Yesterday, China's Youku, which started as a YouTube-style user-uploaded video site, but has evolved to a Hulu-style distributor of professional video, went public on the New York Stock Exchange. It offered 15.85 million American Depositary Receipts, or "ADRs," which represent ownership shares in non-U.S. companies, at $12.80 apiece, raising over $200 million. When the market closed, the ADRs stood at $33.44, up 161%, the best one-day performance for a U.S. IPO in the last 5 years (they're up another $5 today as well). Youku, which recorded $35 million in revenue for the first nine months of this year (and a $25 million loss), had an end of day valuation of $3 billion+.
Yes, I know what you're thinking - this is crazy, the bubble days have returned and there's a huge "China factor" multiplier at work for Youku. All of that is no doubt true. But here's something else that's true - while the global economy and stock markets have undergone wrenching change and volatility over the last 2+ years, the online video market has boomed.

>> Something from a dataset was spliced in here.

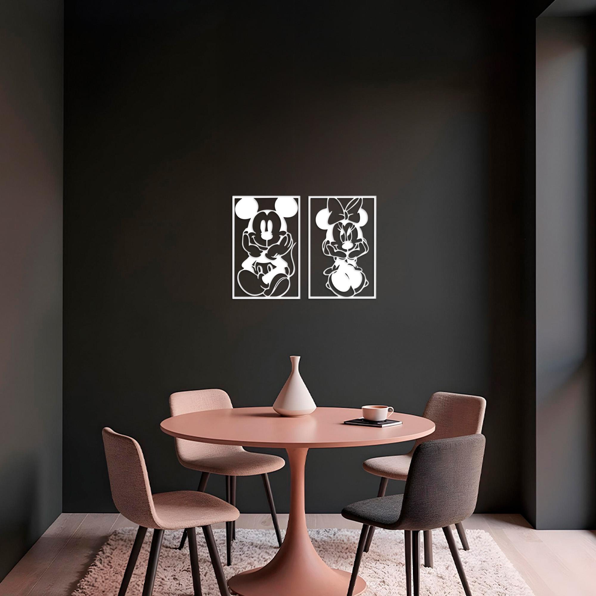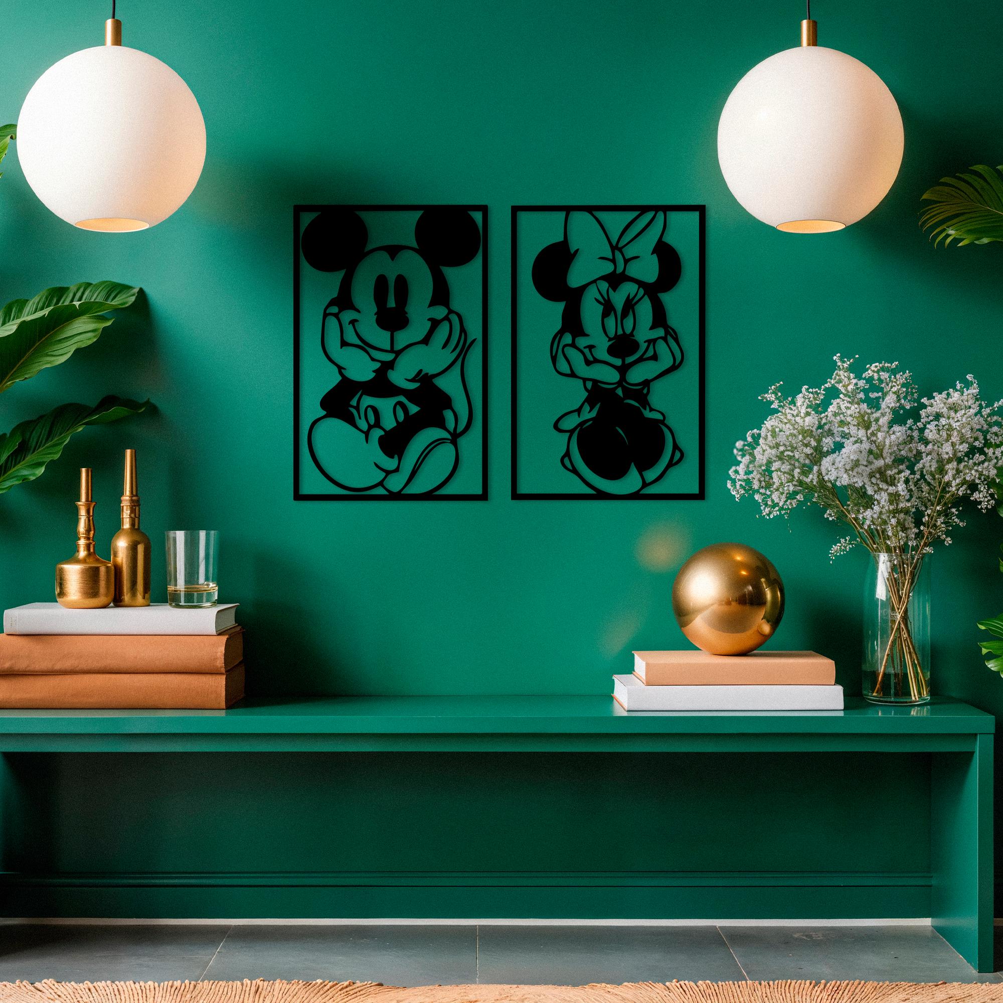 Bring a heartwarming touch of joy and whimsy to your space with our captivating Cartoon Mouse Couple Metal Wall Art. This adorable duo is a must-have for any kids' room, nursery, or playful modern home, celebrating the innocent charm of these beloved characters. Expertly precision-cut from high-quality, durable matte metal, this minimalist wall decor adds a cheerful and sweet touch to any room. It’s the perfect character-inspired accent for playrooms, bedrooms, or creative interiors, beautifully blending modern design with a touch of nostalgia.

For certain kinds of investors (both professional and non-professional) who value growth over everything else, there are few sectors which have more appealing characteristics. As tens of millions of people have adopted online and mobile video, devices for viewing online video on TVs have proliferated, premium content has become available and business models have firmed, investors have taken notice.
And that brings us to the question of whether Youku's success may help spark a series of IPOs by U.S. online video companies in '11. Though I have no inside knowledge and I concede this is purely speculation, I think the answer is yes, assuming the markets cooperate. In reality, private investors have been betting strongly on the online and mobile video industries for a while now. According to the data I collect each quarter, at least $1.2 billion has been raised by private video-oriented companies in the last 2 years. These investors of course expect liquidity at some point, and while there has been some industry consolidation, bigger payoffs almost always come through public offerings.
However, even as online video usage has exploded, there have been few "pure-play" opportunities for public investors to bet on. In fact, Netflix has probably been the closest proxy, and note that as it has gained millions of subscribers this year and inked content for its Watch Instantly feature, it has cleverly been re-branding itself as a "streaming" content company (its stock has more than tripled this year to nearly $190/share).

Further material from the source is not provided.